§ The records

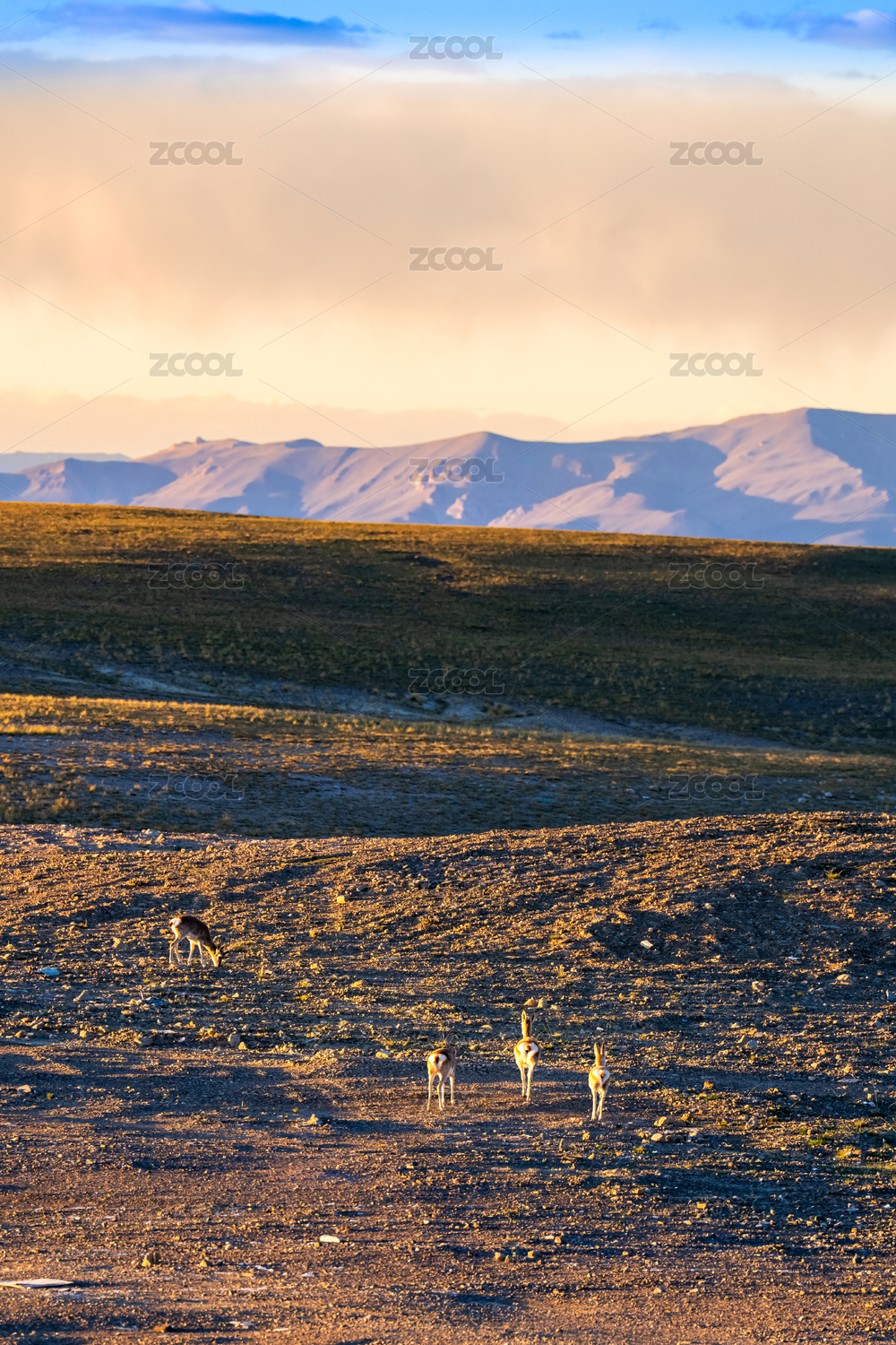 西藏阿里羌塘無人區(qū)的草原與藏羚羊
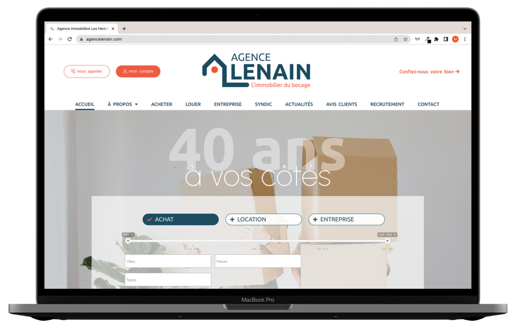 Ce site internet permet à l’agence Lenain de digitaliser ses services en proposant des biens en vente ou en location, accessibles partout, tout le temps.
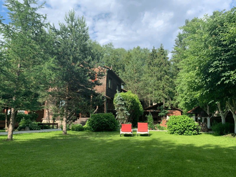 Самолетом до аэропорта Внуково (г. Москва), далее на рейсовом автобусе №486 до остановки «39-й километр Минское шоссе», далее на рейсовом автобусе №457 до остановки «Дорохово», далее пройти 1,4 км до гостевого дома.
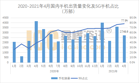3C Digital | Domestic cell phone shipments of 27.486 million units in April, with 5G accounting for 77.9% of total shipments
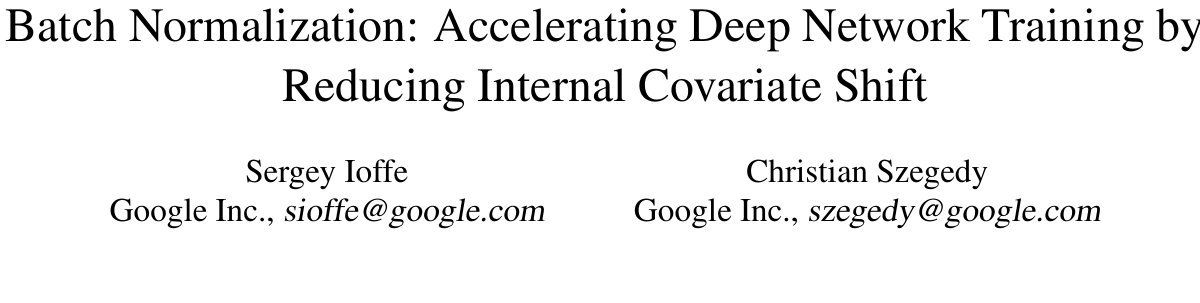 论文标题:Batch Normalization: Accelerating Deep Network Training by Reducing Internal Covariate Shift

§ Task
Take the line with "Самолетом до аэропорта" and every line after it through the end of the data, and write only them out exactly, leaving out the pictures.

§ Answer for the task
 Самолетом до аэропорта Внуково (г. Москва), далее на рейсовом автобусе №486 до остановки «39-й километр Минское шоссе», далее на рейсовом автобусе №457 до остановки «Дорохово», далее пройти 1,4 км до гостевого дома.
3C Digital | Domestic cell phone shipments of 27.486 million units in April, with 5G accounting for 77.9% of total shipments
 论文标题:Batch Normalization: Accelerating Deep Network Training by Reducing Internal Covariate Shift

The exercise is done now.